Reflections on A Daily Sea by Simon Roberts
The V&A has recently been gifted the portfolio A Daily Sea by British photographer Simon Roberts. A Daily Sea is a meditative and dynamic series of 56 seascapes taken daily over the course of the first Covid-19 lockdown in the United Kingdom between the 19th of March and the 13th of May 2020. This portfolio joins two others by Roberts held in the V&A photographs collection, Merrie Albion – Landscape Studies of a Small Island and We English, both acquisitions that were funded by the V&A Photographs Acquisition Group.
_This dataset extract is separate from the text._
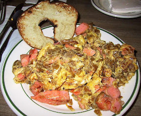 They have a nova scramble on the menu. Piping hot scrambled eggs come out of the kitchen with large chunks of nova lox scattered throughout. Delicately caramelized onions are the first thing that hits your nose when its placed in front of you. when you take a bite, you can still feel the texture of the onions even though it tastes like they have been sautéing for hours. The slightly cooked lox gives the salmon another dimension of texture that is new at first bite, then becomes a welcoming feel to the tongue. Salty, sweet, savory, and fluffy are words that come to mind when eating this. The toasted bagel that comes along side is the perfect utensil.

As much of England emerges from yet another period of lockdown, this series offers a thought-provoking point of reflection on what Roberts remarks is ‘this most significant time in our shared history’. Looking back at the events of 2020, the ocean represents an enviable level of independence and invincibility. Humans have always sought solace at the sea: the mysteries that exist beyond the horizon and below its surface seem to provoke in us an endless capacity for personal reflection and metaphor. Roberts is among them, stating in an interview with photographer Jim Grover that, ‘for me, water provides a great sense of release…emotionally and physically’. It was a natural instinct that brought Roberts to the sea at the outset of the Covid-19 outbreak when much of the world felt overwhelmed by the uncertainty that lay ahead. Driven by the need for personal respite from the world’s woes, and a practical use of his daily hour of permitted exercise, he began photographing the sea once a day from Brighton beach, a mere 200 metres from his home, and sharing the images on his Instagram page.
Comments on these Instagram posts reveal that the seascapes resonated with audiences. For many, myself included, they offered a delightful break in my scroll from the monotony of upsetting news and examples of home baking. Instead, these posts offered a moment to consider life outside the confines of my living room – a relative pin prick on the giant concrete map of London – and ruminate on the vastness of Covid-19’s impact. It was this response from his audiences, paired with a desire to do something meaningful that Roberts conceptualised the series in its print form. With help from his wife and children, every day for the duration of lockdown, he selected one from multiple photographs of the sea taken that day and sold the signed editions online. Funds earned from these sales went to support the NHS Covid-19 Urgent Appeal, and the photographs brought a snippet of the outdoors into the homes of those who followed his daily encounters with the sea.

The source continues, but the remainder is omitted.